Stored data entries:
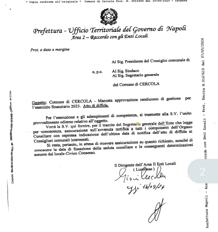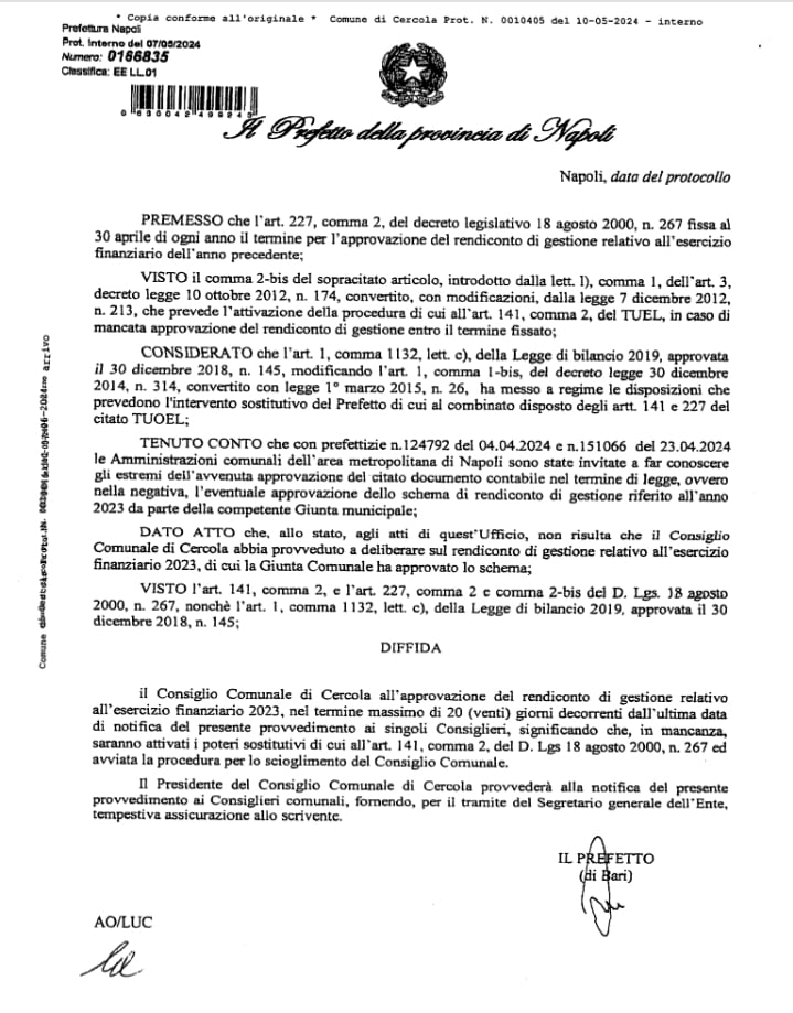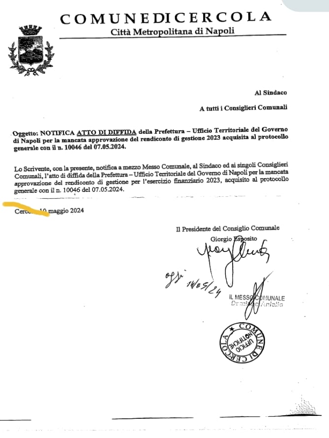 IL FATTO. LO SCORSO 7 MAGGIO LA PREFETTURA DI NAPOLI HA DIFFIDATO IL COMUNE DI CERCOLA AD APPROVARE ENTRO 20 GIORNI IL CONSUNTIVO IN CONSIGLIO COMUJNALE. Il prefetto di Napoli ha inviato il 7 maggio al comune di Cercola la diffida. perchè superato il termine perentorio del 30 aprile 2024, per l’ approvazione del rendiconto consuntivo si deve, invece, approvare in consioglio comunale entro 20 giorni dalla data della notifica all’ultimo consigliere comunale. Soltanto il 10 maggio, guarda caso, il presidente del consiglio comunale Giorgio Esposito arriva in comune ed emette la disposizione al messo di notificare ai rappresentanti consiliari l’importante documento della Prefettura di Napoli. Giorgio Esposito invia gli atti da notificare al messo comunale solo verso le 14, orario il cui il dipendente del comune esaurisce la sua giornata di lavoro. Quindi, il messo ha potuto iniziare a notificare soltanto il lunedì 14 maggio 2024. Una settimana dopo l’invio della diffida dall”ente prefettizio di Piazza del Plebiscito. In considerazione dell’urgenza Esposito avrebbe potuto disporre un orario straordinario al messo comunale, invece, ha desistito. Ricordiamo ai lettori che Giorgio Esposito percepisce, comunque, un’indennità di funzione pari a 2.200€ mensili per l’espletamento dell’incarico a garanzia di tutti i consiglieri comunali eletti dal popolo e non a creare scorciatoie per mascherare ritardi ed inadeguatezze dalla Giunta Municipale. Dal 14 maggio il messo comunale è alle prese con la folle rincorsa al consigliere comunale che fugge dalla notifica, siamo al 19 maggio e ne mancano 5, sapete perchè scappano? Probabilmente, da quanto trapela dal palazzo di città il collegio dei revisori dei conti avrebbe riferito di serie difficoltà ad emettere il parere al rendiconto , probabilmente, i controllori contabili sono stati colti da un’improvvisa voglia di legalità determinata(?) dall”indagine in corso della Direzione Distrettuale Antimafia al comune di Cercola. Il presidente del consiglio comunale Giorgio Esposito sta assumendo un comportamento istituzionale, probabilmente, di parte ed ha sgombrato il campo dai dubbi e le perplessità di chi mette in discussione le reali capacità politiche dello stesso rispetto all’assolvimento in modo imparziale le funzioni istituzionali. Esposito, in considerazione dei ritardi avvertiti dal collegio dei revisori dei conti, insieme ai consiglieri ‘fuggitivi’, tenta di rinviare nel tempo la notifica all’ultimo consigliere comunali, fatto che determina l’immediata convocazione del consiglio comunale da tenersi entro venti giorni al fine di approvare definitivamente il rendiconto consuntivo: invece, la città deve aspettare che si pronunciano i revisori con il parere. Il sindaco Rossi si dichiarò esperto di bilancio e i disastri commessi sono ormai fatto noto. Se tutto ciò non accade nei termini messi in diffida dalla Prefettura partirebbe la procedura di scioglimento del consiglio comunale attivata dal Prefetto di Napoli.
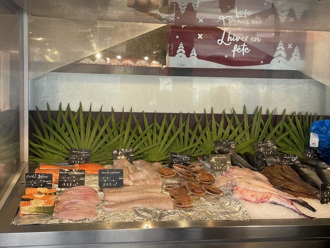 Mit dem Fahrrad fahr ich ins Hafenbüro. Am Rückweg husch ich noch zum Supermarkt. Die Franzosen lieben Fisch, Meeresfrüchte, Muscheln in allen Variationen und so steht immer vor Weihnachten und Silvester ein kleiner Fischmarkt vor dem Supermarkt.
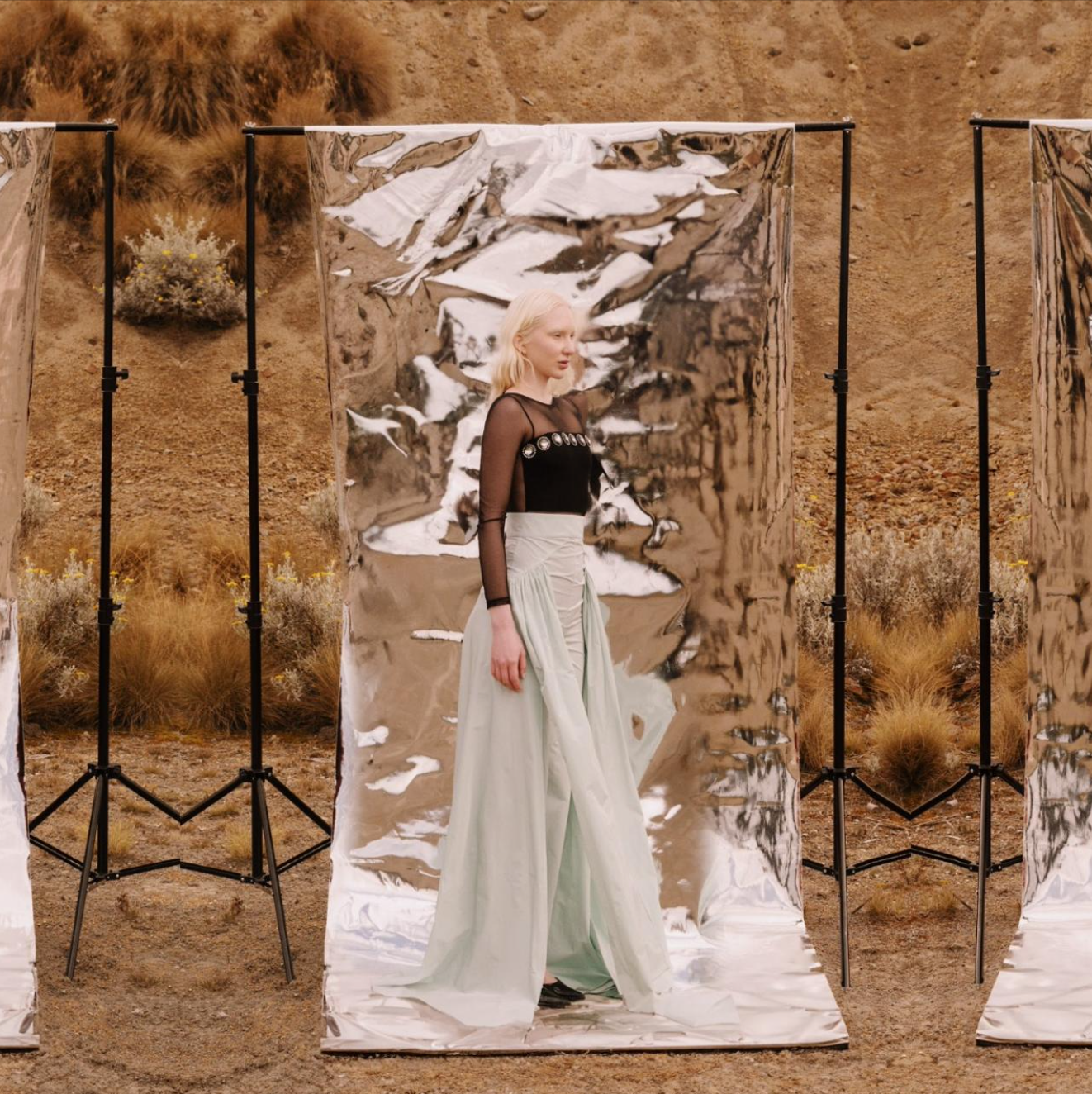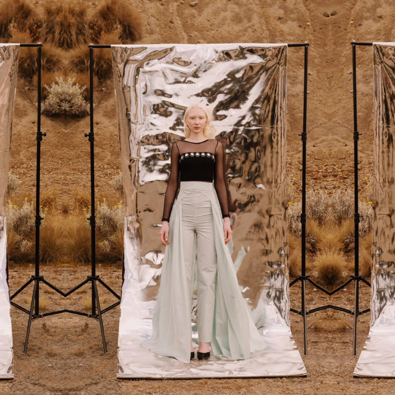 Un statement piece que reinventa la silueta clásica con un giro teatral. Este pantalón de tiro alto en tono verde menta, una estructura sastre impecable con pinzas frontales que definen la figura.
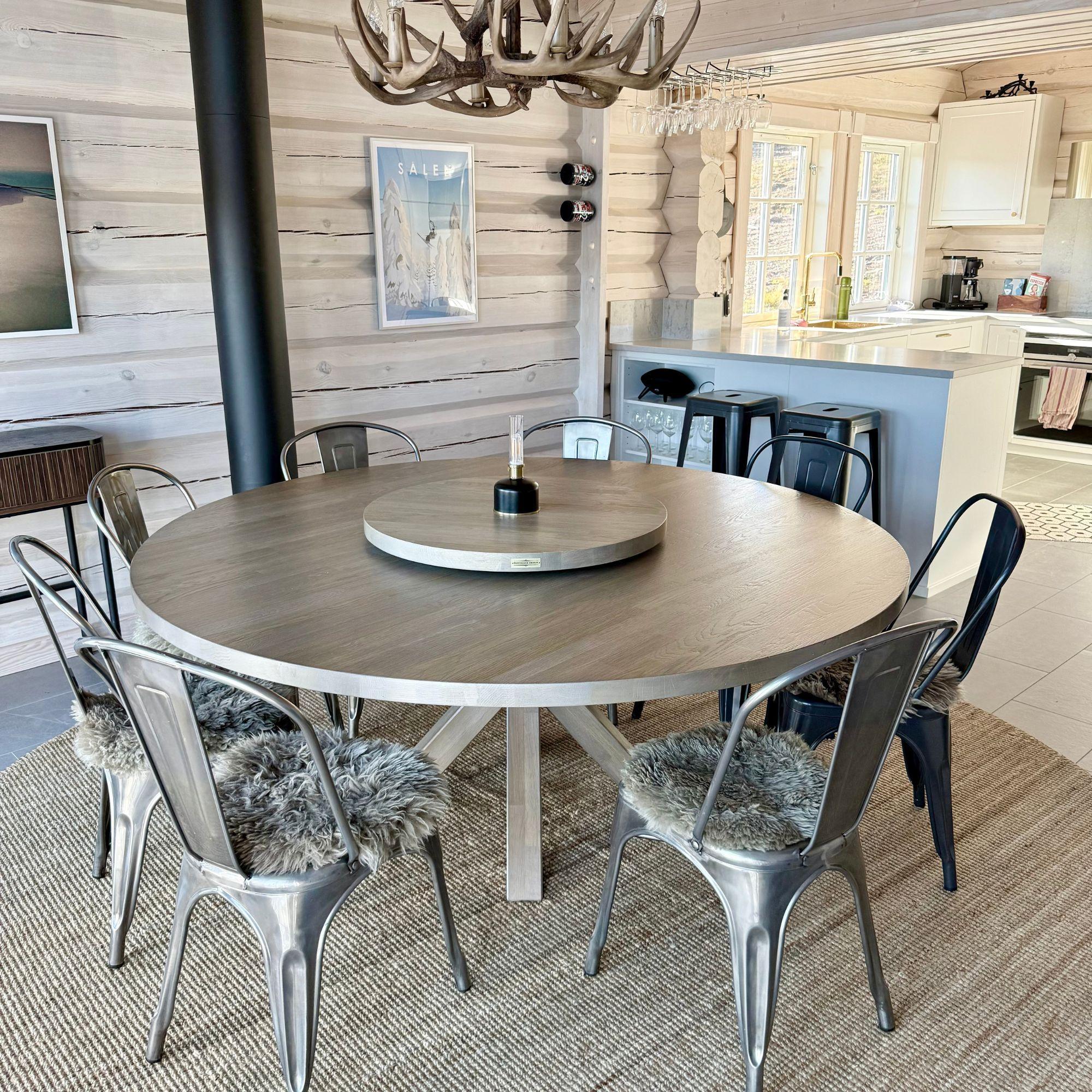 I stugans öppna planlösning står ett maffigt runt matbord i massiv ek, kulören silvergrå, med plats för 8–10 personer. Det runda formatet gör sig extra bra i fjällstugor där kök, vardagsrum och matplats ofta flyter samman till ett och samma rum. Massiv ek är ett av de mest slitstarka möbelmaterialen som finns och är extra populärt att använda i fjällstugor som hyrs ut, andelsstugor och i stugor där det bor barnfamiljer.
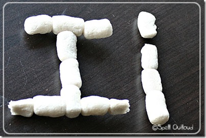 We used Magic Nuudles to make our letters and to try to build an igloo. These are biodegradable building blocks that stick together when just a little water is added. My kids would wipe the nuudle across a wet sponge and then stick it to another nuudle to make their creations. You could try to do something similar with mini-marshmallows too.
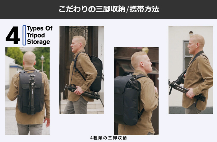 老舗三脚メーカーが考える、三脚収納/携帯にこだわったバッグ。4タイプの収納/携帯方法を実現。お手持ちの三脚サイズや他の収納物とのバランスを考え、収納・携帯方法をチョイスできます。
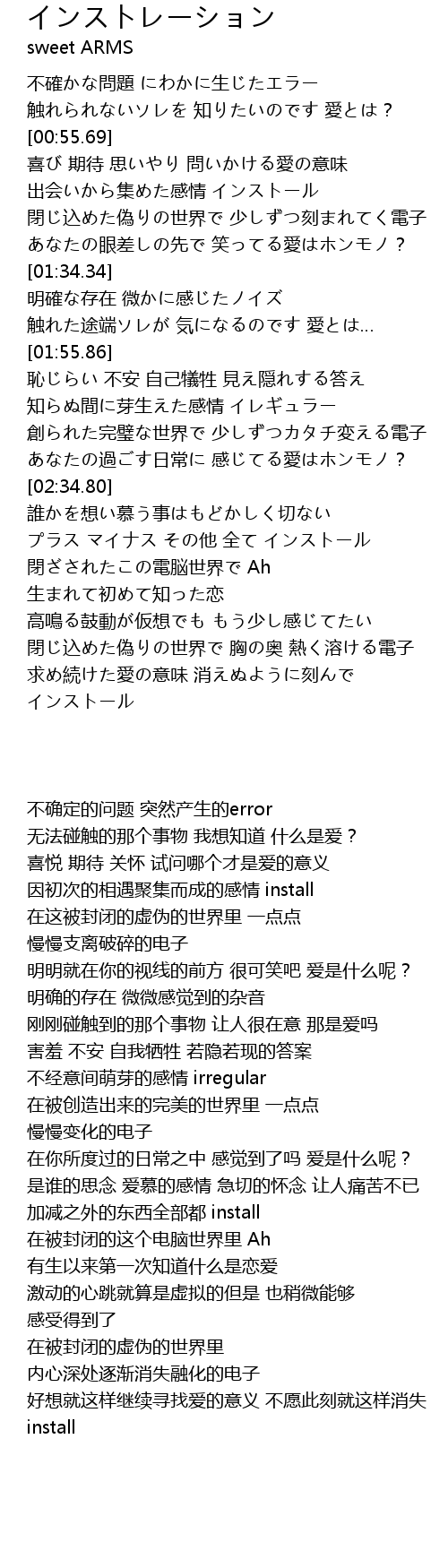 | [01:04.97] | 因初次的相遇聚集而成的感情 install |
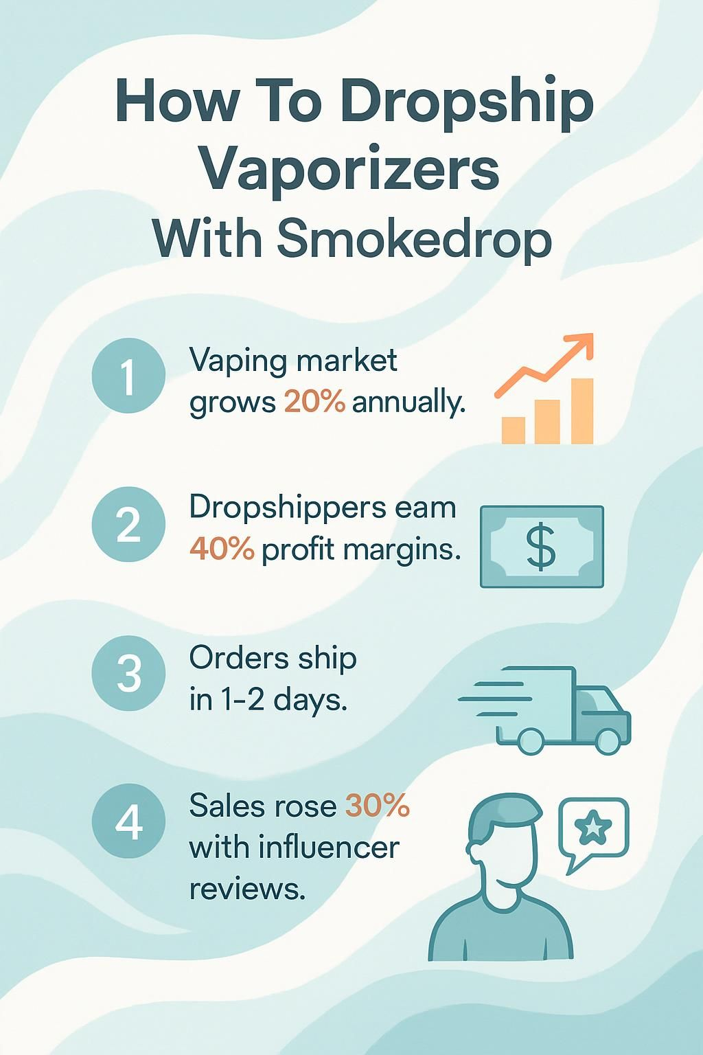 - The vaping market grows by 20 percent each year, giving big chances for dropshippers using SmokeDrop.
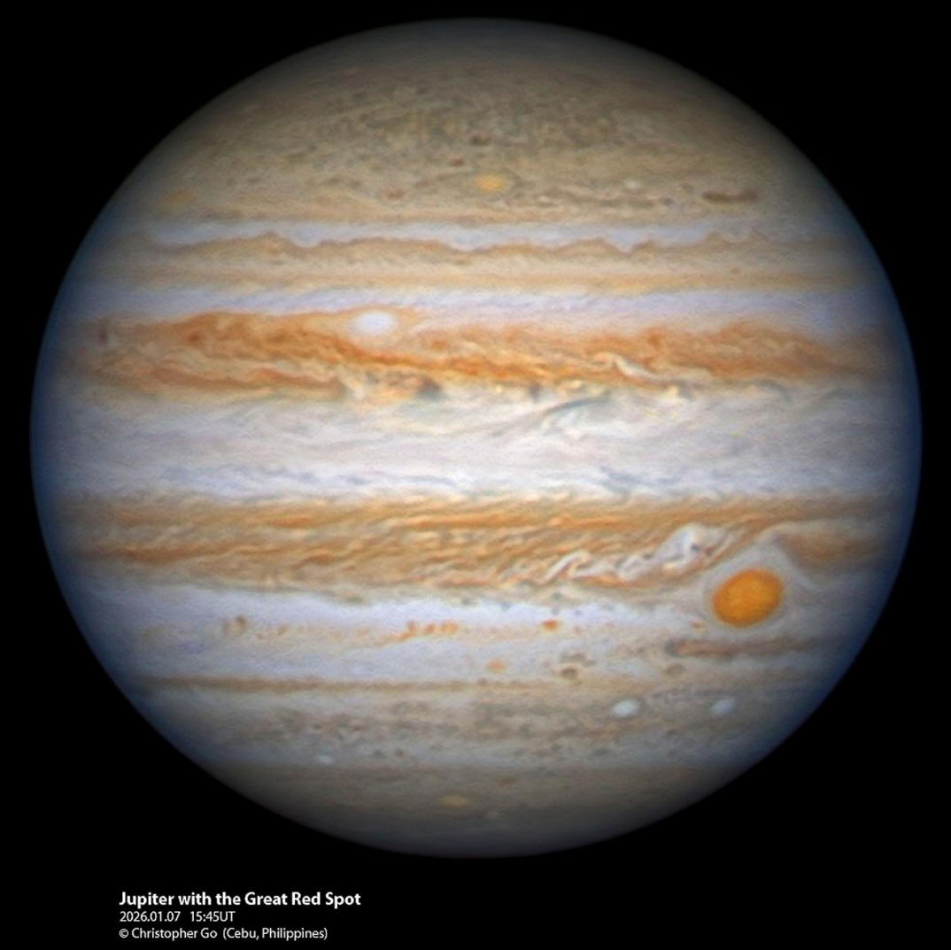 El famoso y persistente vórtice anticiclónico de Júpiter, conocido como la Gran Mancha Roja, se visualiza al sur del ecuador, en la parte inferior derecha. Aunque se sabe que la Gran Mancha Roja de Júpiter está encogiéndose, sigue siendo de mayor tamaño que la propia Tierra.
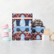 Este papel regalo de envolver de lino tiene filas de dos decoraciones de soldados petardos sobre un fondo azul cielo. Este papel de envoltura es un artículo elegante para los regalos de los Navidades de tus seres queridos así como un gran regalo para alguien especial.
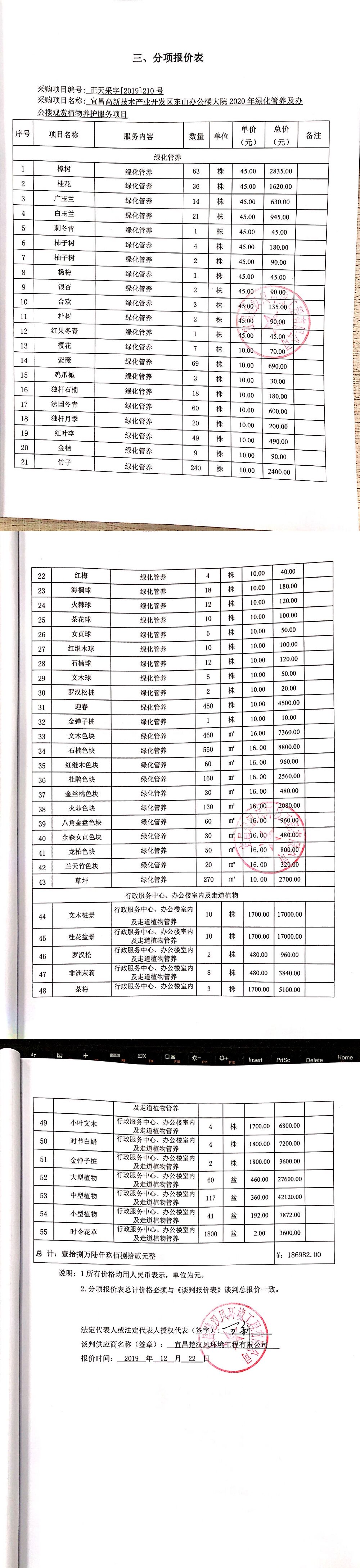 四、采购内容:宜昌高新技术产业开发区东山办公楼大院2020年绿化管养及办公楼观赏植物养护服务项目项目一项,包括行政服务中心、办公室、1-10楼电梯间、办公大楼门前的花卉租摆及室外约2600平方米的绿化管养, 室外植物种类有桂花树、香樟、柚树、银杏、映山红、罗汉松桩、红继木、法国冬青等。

■ About this task ■
All entries above should be printed exactly, though without their pictures.

■ Result ■
 IL FATTO. LO SCORSO 7 MAGGIO LA PREFETTURA DI NAPOLI HA DIFFIDATO IL COMUNE DI CERCOLA AD APPROVARE ENTRO 20 GIORNI IL CONSUNTIVO IN CONSIGLIO COMUJNALE. Il prefetto di Napoli ha inviato il 7 maggio al comune di Cercola la diffida. perchè superato il termine perentorio del 30 aprile 2024, per l’ approvazione del rendiconto consuntivo si deve, invece, approvare in consioglio comunale entro 20 giorni dalla data della notifica all’ultimo consigliere comunale. Soltanto il 10 maggio, guarda caso, il presidente del consiglio comunale Giorgio Esposito arriva in comune ed emette la disposizione al messo di notificare ai rappresentanti consiliari l’importante documento della Prefettura di Napoli. Giorgio Esposito invia gli atti da notificare al messo comunale solo verso le 14, orario il cui il dipendente del comune esaurisce la sua giornata di lavoro. Quindi, il messo ha potuto iniziare a notificare soltanto il lunedì 14 maggio 2024. Una settimana dopo l’invio della diffida dall”ente prefettizio di Piazza del Plebiscito. In considerazione dell’urgenza Esposito avrebbe potuto disporre un orario straordinario al messo comunale, invece, ha desistito. Ricordiamo ai lettori che Giorgio Esposito percepisce, comunque, un’indennità di funzione pari a 2.200€ mensili per l’espletamento dell’incarico a garanzia di tutti i consiglieri comunali eletti dal popolo e non a creare scorciatoie per mascherare ritardi ed inadeguatezze dalla Giunta Municipale. Dal 14 maggio il messo comunale è alle prese con la folle rincorsa al consigliere comunale che fugge dalla notifica, siamo al 19 maggio e ne mancano 5, sapete perchè scappano? Probabilmente, da quanto trapela dal palazzo di città il collegio dei revisori dei conti avrebbe riferito di serie difficoltà ad emettere il parere al rendiconto , probabilmente, i controllori contabili sono stati colti da un’improvvisa voglia di legalità determinata(?) dall”indagine in corso della Direzione Distrettuale Antimafia al comune di Cercola. Il presidente del consiglio comunale Giorgio Esposito sta assumendo un comportamento istituzionale, probabilmente, di parte ed ha sgombrato il campo dai dubbi e le perplessità di chi mette in discussione le reali capacità politiche dello stesso rispetto all’assolvimento in modo imparziale le funzioni istituzionali. Esposito, in considerazione dei ritardi avvertiti dal collegio dei revisori dei conti, insieme ai consiglieri ‘fuggitivi’, tenta di rinviare nel tempo la notifica all’ultimo consigliere comunali, fatto che determina l’immediata convocazione del consiglio comunale da tenersi entro venti giorni al fine di approvare definitivamente il rendiconto consuntivo: invece, la città deve aspettare che si pronunciano i revisori con il parere. Il sindaco Rossi si dichiarò esperto di bilancio e i disastri commessi sono ormai fatto noto. Se tutto ciò non accade nei termini messi in diffida dalla Prefettura partirebbe la procedura di scioglimento del consiglio comunale attivata dal Prefetto di Napoli.
 Mit dem Fahrrad fahr ich ins Hafenbüro. Am Rückweg husch ich noch zum Supermarkt. Die Franzosen lieben Fisch, Meeresfrüchte, Muscheln in allen Variationen und so steht immer vor Weihnachten und Silvester ein kleiner Fischmarkt vor dem Supermarkt.
 Un statement piece que reinventa la silueta clásica con un giro teatral. Este pantalón de tiro alto en tono verde menta, una estructura sastre impecable con pinzas frontales que definen la figura.
 I stugans öppna planlösning står ett maffigt runt matbord i massiv ek, kulören silvergrå, med plats för 8–10 personer. Det runda formatet gör sig extra bra i fjällstugor där kök, vardagsrum och matplats ofta flyter samman till ett och samma rum. Massiv ek är ett av de mest slitstarka möbelmaterialen som finns och är extra populärt att använda i fjällstugor som hyrs ut, andelsstugor och i stugor där det bor barnfamiljer.
 We used Magic Nuudles to make our letters and to try to build an igloo. These are biodegradable building blocks that stick together when just a little water is added. My kids would wipe the nuudle across a wet sponge and then stick it to another nuudle to make their creations. You could try to do something similar with mini-marshmallows too.
 老舗三脚メーカーが考える、三脚収納/携帯にこだわったバッグ。4タイプの収納/携帯方法を実現。お手持ちの三脚サイズや他の収納物とのバランスを考え、収納・携帯方法をチョイスできます。
 | [01:04.97] | 因初次的相遇聚集而成的感情 install |
 - The vaping market grows by 20 percent each year, giving big chances for dropshippers using SmokeDrop.
 El famoso y persistente vórtice anticiclónico de Júpiter, conocido como la Gran Mancha Roja, se visualiza al sur del ecuador, en la parte inferior derecha. Aunque se sabe que la Gran Mancha Roja de Júpiter está encogiéndose, sigue siendo de mayor tamaño que la propia Tierra.
 Este papel regalo de envolver de lino tiene filas de dos decoraciones de soldados petardos sobre un fondo azul cielo. Este papel de envoltura es un artículo elegante para los regalos de los Navidades de tus seres queridos así como un gran regalo para alguien especial.
 四、采购内容:宜昌高新技术产业开发区东山办公楼大院2020年绿化管养及办公楼观赏植物养护服务项目项目一项,包括行政服务中心、办公室、1-10楼电梯间、办公大楼门前的花卉租摆及室外约2600平方米的绿化管养, 室外植物种类有桂花树、香樟、柚树、银杏、映山红、罗汉松桩、红继木、法国冬青等。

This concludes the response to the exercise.